Produzione & Logistica

Perché noleggiare l'attrezzatura cinema piuttosto che acquistarla?

20 febbraio 2025

Un dolly professionale costa tra i 15.000 e gli 80.000 euro. Un parco completo — dolly, binari, teste, accessori — supera i 100.000 euro. Per una società di produzione che gira 3-5 film l’anno, questo investimento non si ammortizza. Il noleggio dell’attrezzatura grip non è un compromesso: è la soluzione razionale scelta dalle produzioni serie, dai cortometraggi indipendenti alle serie HBO e Netflix.

L’equazione economica del noleggio: perché i numeri parlano da soli

Poniamo i dati con chiarezza. Un Fisher 10, dolly di riferimento sulla maggior parte delle produzioni professionali, costa circa 40.000 euro nuovo. Un Chapman PeeWee IV — lo standard delle produzioni americane — supera i 60.000 euro. Un Panther S-Type, più compatto, si aggira intorno ai 25.000 euro.

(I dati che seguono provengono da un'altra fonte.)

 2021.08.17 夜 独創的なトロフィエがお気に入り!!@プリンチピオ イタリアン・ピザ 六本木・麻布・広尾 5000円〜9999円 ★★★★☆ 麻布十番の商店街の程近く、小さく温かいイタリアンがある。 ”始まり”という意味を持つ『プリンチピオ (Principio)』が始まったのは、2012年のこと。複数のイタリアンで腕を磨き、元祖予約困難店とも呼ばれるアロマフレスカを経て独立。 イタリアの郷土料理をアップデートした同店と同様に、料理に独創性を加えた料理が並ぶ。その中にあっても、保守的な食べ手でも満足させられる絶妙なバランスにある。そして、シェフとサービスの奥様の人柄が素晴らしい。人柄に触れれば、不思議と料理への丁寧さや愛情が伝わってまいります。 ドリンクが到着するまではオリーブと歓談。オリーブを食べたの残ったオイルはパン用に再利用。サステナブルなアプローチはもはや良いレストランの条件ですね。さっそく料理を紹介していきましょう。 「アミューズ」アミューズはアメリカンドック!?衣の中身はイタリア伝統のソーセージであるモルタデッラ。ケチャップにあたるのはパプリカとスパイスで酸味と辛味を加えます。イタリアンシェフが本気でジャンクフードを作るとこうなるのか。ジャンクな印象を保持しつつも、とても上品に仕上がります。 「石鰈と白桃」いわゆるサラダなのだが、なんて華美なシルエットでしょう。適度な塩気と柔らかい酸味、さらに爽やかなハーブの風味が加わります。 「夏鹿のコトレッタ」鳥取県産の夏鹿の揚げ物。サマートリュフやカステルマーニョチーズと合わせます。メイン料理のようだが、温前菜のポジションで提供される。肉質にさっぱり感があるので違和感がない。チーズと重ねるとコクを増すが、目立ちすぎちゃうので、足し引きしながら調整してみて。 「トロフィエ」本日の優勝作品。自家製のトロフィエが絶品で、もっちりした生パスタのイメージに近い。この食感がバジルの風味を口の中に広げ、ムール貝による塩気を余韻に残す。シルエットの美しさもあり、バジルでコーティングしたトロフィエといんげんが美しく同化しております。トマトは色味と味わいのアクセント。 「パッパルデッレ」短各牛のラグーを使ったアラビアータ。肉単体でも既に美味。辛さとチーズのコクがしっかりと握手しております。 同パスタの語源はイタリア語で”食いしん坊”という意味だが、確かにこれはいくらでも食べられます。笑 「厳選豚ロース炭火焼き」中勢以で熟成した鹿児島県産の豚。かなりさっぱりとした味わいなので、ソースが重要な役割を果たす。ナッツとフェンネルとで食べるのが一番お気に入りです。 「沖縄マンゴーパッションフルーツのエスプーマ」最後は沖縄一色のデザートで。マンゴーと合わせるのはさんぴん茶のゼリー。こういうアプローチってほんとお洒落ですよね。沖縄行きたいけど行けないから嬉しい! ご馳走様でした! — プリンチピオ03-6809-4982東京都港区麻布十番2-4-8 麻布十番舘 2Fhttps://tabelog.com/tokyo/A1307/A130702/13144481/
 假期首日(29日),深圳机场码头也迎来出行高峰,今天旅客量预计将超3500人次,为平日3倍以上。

A queste cifre si aggiungono una testa idraulica O’Connor o Cartoni (da 8.000 a 15.000 euro), un set di binari dritti e curvi (da 10.000 a 20.000 euro), gli accessori di sicurezza, i ricambi e lo spazio di stoccaggio. Si arriva facilmente a 100.000-150.000 euro per un parco operativo completo.

Per una produzione che gira 25 giorni per film e realizza 4 film l’anno, questo materiale rimane inutilizzato circa 260 giorni l’anno. L’ammortamento diventa insostenibile. Il noleggio risolve il problema alla radice: si paga per i giorni di utilizzo effettivo, niente altro.

Cosa si evita scegliendo il noleggio

La manutenzione e le revisioni — un costo invisibile ma reale

Un dolly professionale richiede revisioni periodiche: cuscinetti, sistemi idraulici, struttura meccanica. Questi interventi non si eseguono da un tecnico generalista — richiedono specialisti e, a volte, il ritorno in fabbrica per i componenti critici.

Su un Fisher 10 o un Chapman PeeWee, una revisione completa rappresenta alcune migliaia di euro. Moltiplicato per la frequenza degli interventi preventivi, aggiungendo i guasti imprevisti, si ottiene un budget di manutenzione che non era nel piano iniziale.

Noleggiando, la manutenzione è a carico del fornitore. Si riceve materiale in perfetto stato a ogni inizio di riprese — o si ha il diritto di rifiutarlo.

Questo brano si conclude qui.